Microsoft Site Server 3.0 Usage Analysis Capacity and Performance Analysis

August 1999

Microsoft Corporation

Definition of Terms

Specific Terms Meaning
Import requests per second1 Total number of requests processed during log file import divided by the total time required for log file import.
Import bytes per second Total size of the log file imported divided by the total time required for log file import.

1. This performance metric does not include requests that are explicitly excluded (such as JPEGs and GIFs) when configuring a Site in Usage Import.

Overview

This document discusses the performance and scalability characteristics of the Microsoft® Site Server version 3.0 Analysis feature. Analysis consists of four main tools: Usage Import, Report Writer, Custom Import, and Content Analyzer. This capacity and performance analysis focuses on the Usage Import tool. This tool’s primary function is to import log files that contain usage data about your site into the Analysis database.

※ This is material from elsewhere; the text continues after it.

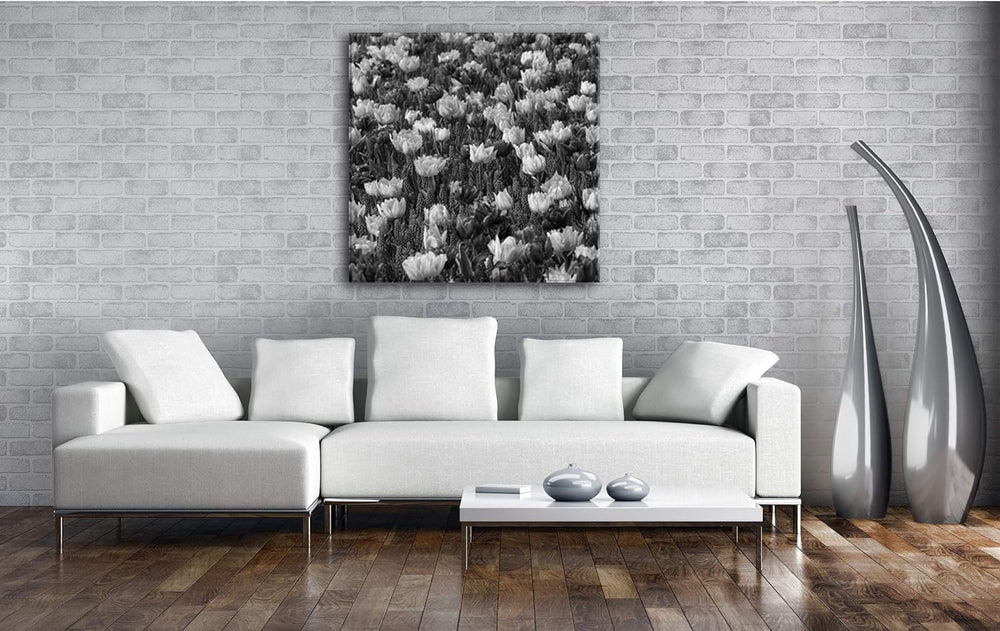 deyoli buntes Blumenfeld Format: 60x60 Effekt: Schwarz&Weiss als Leinwandbild, Motiv fertig gerahmt
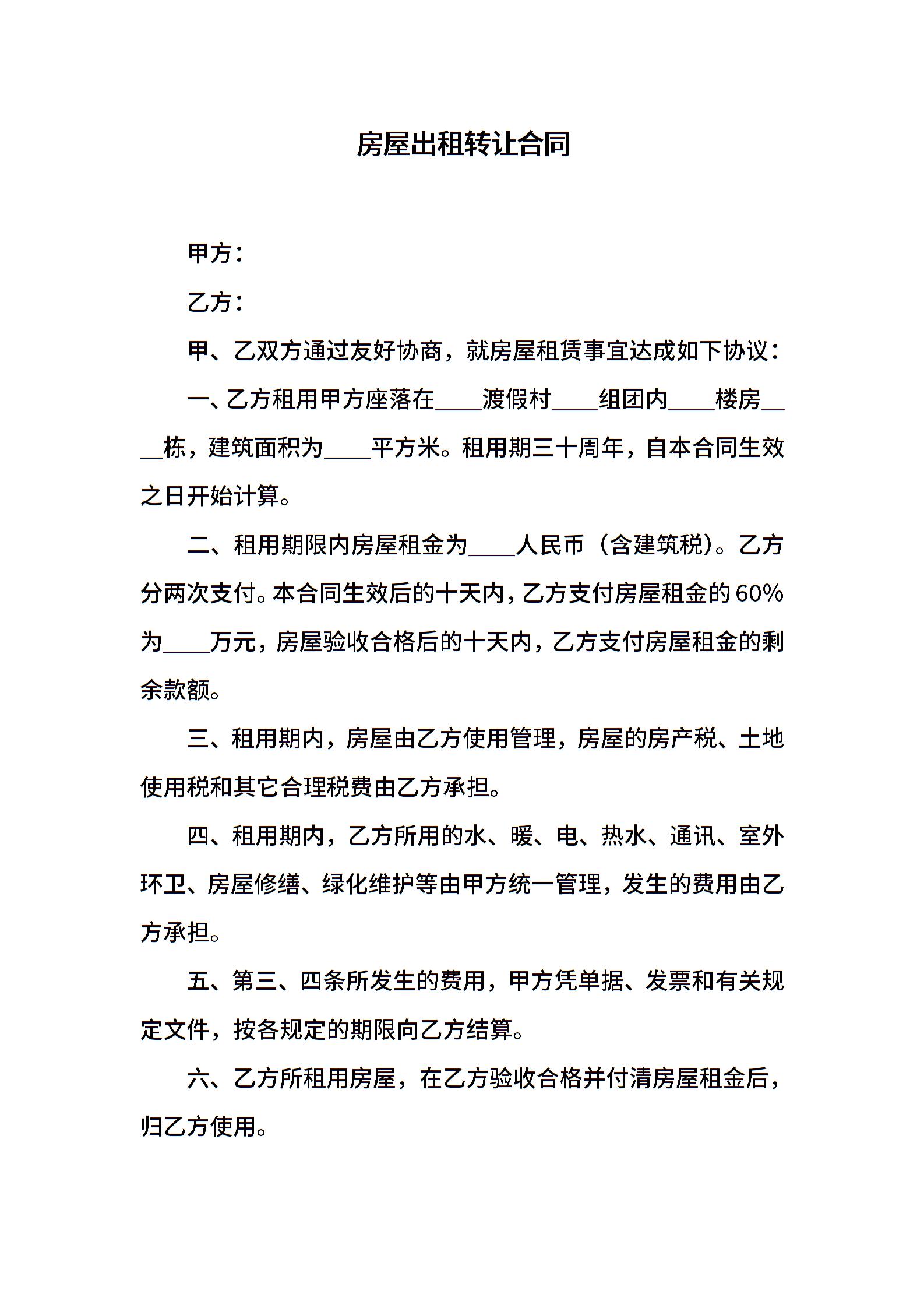 房屋出租转让合同

The information in this document was generated by a series of tests run on two servers. Issues that were targeted in these tests were performance bottlenecks and scalability issues when importing log files to the Analysis feature.

Note   Your performance numbers may vary from those provided here based on your hardware and software platform.

The potential performance bottlenecks associated with log file importing are enumerated here to assist you in capacity planning.

Processor and memory scalability are profiled in terms of import requests per second and bytes imported per second. This information should help you select the appropriate hardware configuration for your Analysis deployment.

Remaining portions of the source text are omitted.